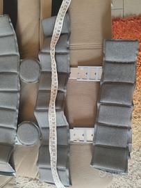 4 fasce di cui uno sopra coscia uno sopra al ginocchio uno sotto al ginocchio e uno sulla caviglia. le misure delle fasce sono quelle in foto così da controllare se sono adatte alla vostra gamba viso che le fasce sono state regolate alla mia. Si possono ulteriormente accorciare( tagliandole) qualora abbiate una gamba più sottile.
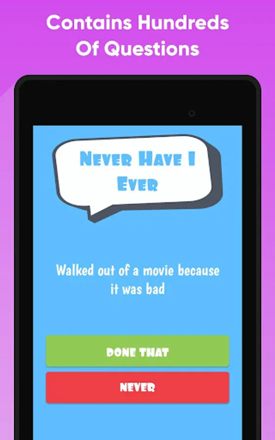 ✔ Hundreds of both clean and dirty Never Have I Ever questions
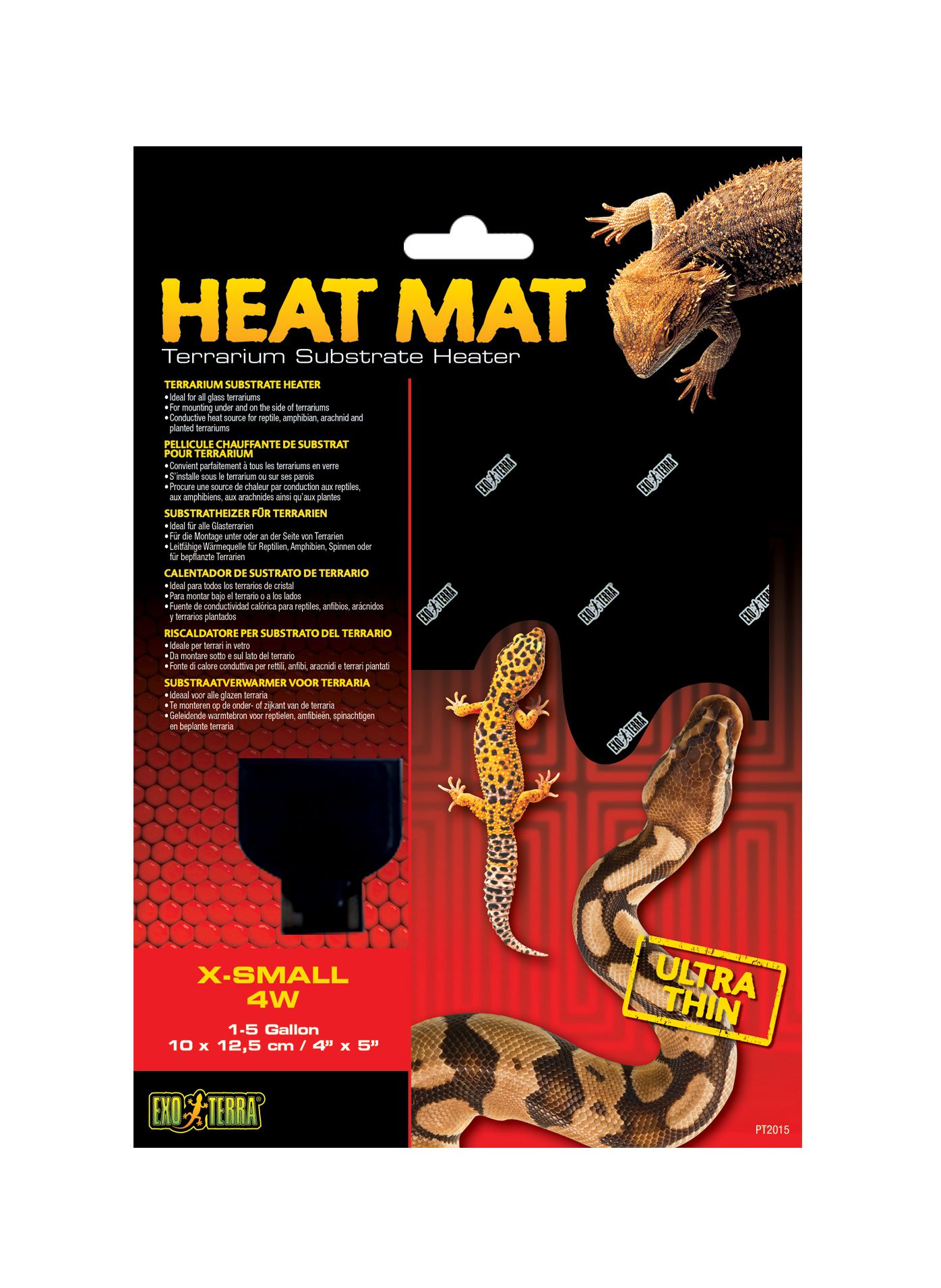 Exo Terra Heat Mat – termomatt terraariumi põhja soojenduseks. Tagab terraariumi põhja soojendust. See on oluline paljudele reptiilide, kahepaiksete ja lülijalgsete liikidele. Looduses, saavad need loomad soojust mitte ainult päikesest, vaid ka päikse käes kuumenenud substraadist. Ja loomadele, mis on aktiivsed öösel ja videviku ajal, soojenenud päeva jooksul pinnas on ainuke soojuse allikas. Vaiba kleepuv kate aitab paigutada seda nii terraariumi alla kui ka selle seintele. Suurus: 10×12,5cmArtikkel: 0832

==

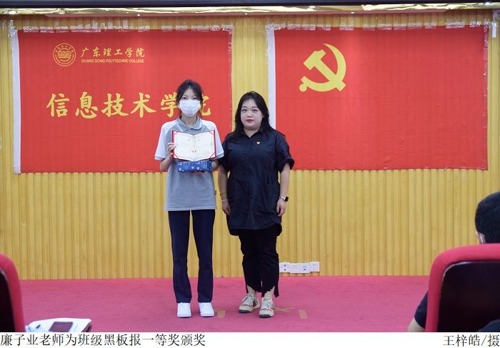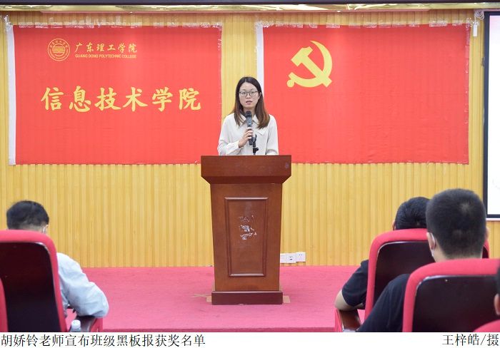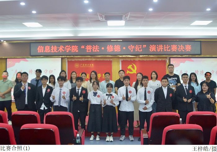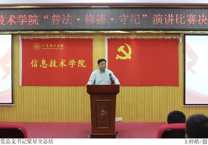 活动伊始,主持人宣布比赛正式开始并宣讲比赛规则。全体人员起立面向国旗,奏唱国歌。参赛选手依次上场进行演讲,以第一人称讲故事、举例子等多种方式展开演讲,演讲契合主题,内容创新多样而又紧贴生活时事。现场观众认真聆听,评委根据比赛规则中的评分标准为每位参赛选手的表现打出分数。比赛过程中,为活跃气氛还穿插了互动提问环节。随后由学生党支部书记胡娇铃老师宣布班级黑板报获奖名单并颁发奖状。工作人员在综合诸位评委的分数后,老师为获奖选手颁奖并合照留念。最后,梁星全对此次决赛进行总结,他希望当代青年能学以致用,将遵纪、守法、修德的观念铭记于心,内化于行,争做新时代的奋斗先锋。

### WHAT YOU NEED TO DO
In the listing above, find the line holding "4 fasce di cui" and the line holding "I Ever questions". Reproduce those two lines and all between them exactly, leaving out pictures.

### EXERCISE RESULT
 4 fasce di cui uno sopra coscia uno sopra al ginocchio uno sotto al ginocchio e uno sulla caviglia. le misure delle fasce sono quelle in foto così da controllare se sono adatte alla vostra gamba viso che le fasce sono state regolate alla mia. Si possono ulteriormente accorciare( tagliandole) qualora abbiate una gamba più sottile.
 ✔ Hundreds of both clean and dirty Never Have I Ever questions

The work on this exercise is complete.